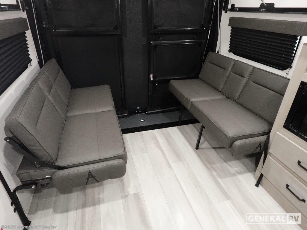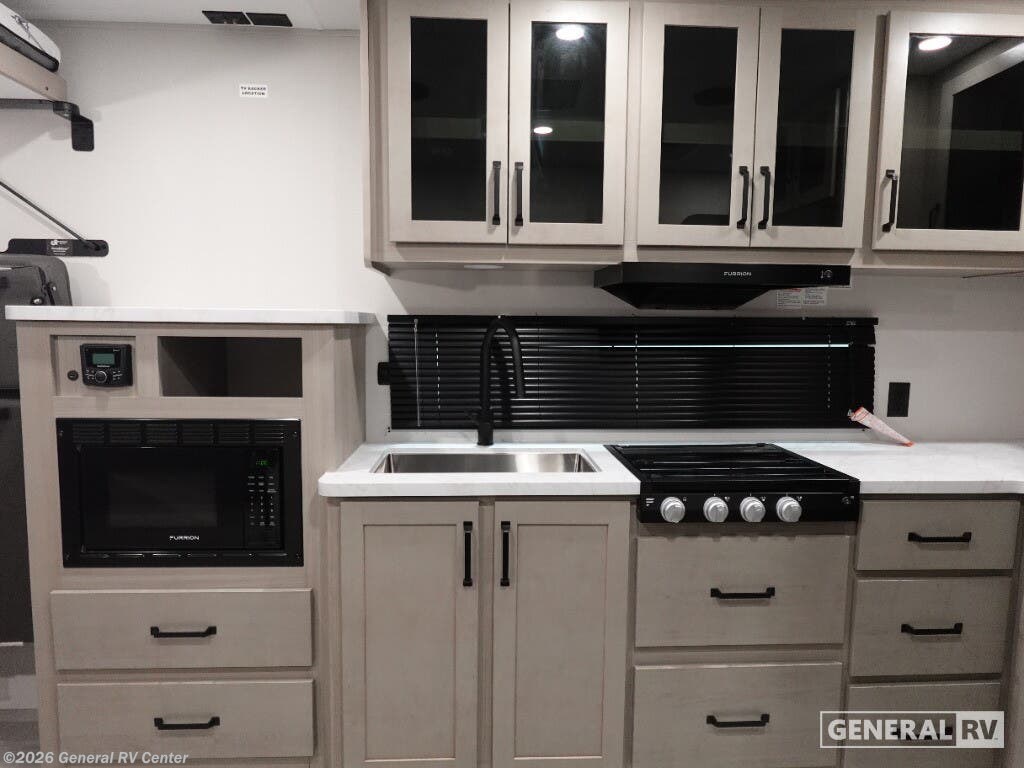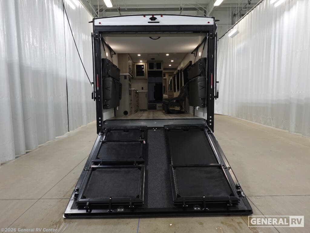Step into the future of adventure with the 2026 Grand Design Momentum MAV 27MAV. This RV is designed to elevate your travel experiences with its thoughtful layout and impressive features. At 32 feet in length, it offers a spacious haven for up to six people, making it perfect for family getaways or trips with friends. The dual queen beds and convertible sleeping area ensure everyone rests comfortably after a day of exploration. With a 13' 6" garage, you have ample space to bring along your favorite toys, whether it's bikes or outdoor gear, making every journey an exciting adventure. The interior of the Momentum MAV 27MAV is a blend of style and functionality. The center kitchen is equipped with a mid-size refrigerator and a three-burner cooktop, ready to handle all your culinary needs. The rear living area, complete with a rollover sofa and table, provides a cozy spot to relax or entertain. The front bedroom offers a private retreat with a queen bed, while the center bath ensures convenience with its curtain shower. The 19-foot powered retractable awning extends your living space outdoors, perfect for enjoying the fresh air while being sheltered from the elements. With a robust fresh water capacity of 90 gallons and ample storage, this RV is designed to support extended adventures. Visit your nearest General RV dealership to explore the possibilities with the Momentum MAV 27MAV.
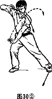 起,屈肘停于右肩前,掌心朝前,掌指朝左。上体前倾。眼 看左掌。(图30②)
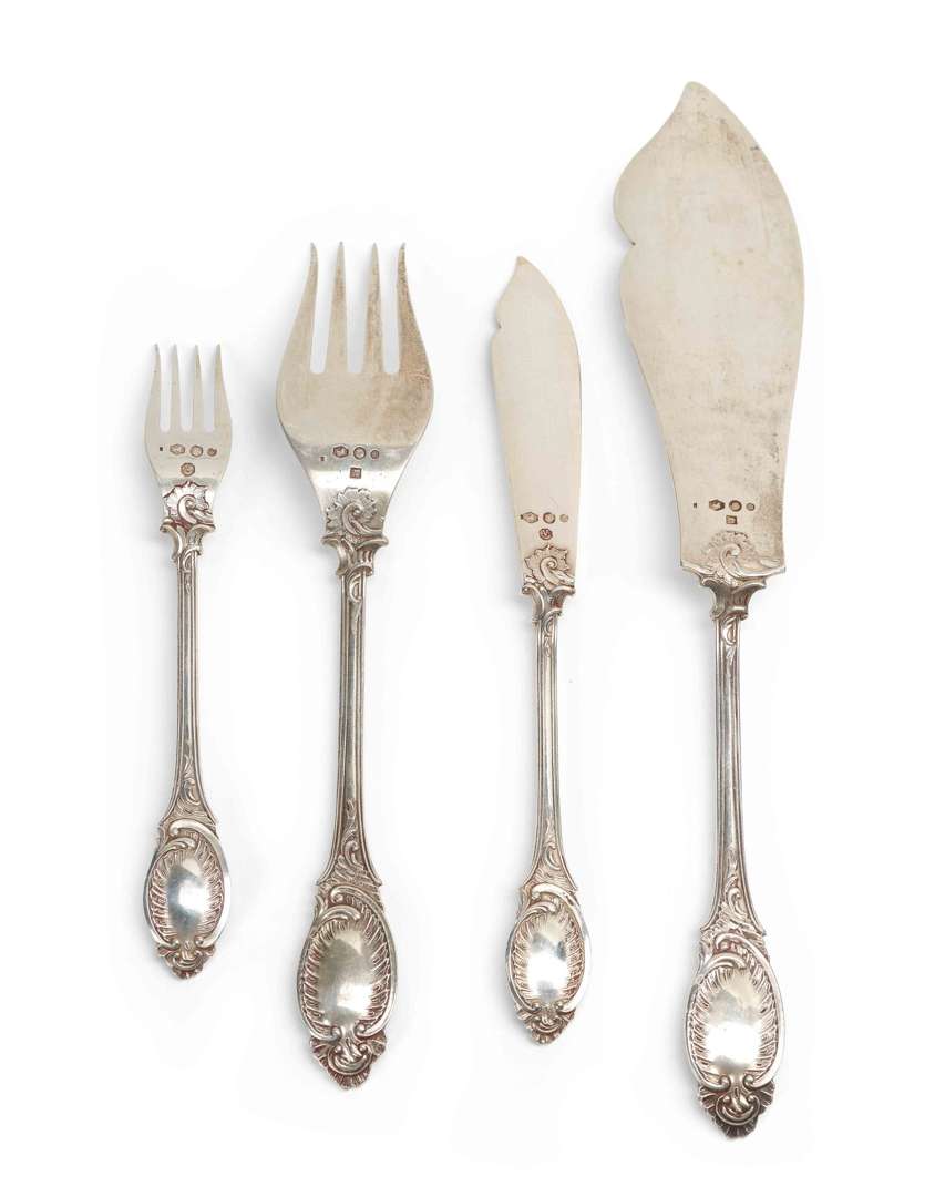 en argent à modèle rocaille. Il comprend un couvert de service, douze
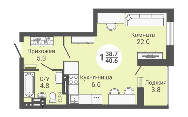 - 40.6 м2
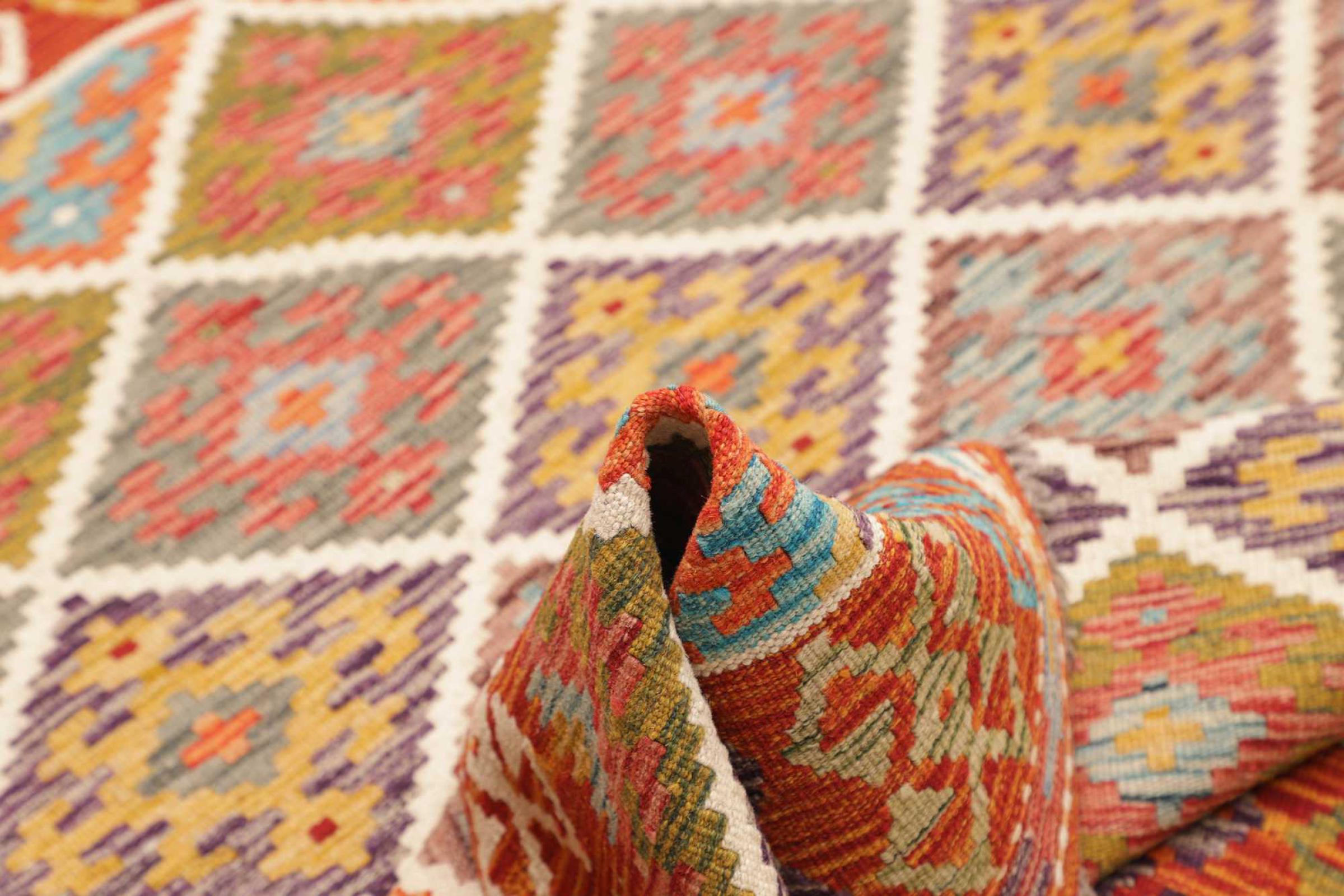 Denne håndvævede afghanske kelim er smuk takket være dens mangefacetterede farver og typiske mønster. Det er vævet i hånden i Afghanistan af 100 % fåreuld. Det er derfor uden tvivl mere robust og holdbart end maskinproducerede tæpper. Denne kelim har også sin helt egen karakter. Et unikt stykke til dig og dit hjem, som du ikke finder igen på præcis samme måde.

──────

Work required: Would you restate the records above word for word and exclude the pictures?

Solution for this problem:
Step into the future of adventure with the 2026 Grand Design Momentum MAV 27MAV. This RV is designed to elevate your travel experiences with its thoughtful layout and impressive features. At 32 feet in length, it offers a spacious haven for up to six people, making it perfect for family getaways or trips with friends. The dual queen beds and convertible sleeping area ensure everyone rests comfortably after a day of exploration. With a 13' 6" garage, you have ample space to bring along your favorite toys, whether it's bikes or outdoor gear, making every journey an exciting adventure. The interior of the Momentum MAV 27MAV is a blend of style and functionality. The center kitchen is equipped with a mid-size refrigerator and a three-burner cooktop, ready to handle all your culinary needs. The rear living area, complete with a rollover sofa and table, provides a cozy spot to relax or entertain. The front bedroom offers a private retreat with a queen bed, while the center bath ensures convenience with its curtain shower. The 19-foot powered retractable awning extends your living space outdoors, perfect for enjoying the fresh air while being sheltered from the elements. With a robust fresh water capacity of 90 gallons and ample storage, this RV is designed to support extended adventures. Visit your nearest General RV dealership to explore the possibilities with the Momentum MAV 27MAV.
 起,屈肘停于右肩前,掌心朝前,掌指朝左。上体前倾。眼 看左掌。(图30②)
 en argent à modèle rocaille. Il comprend un couvert de service, douze
 - 40.6 м2
 Denne håndvævede afghanske kelim er smuk takket være dens mangefacetterede farver og typiske mønster. Det er vævet i hånden i Afghanistan af 100 % fåreuld. Det er derfor uden tvivl mere robust og holdbart end maskinproducerede tæpper. Denne kelim har også sin helt egen karakter. Et unikt stykke til dig og dit hjem, som du ikke finder igen på præcis samme måde.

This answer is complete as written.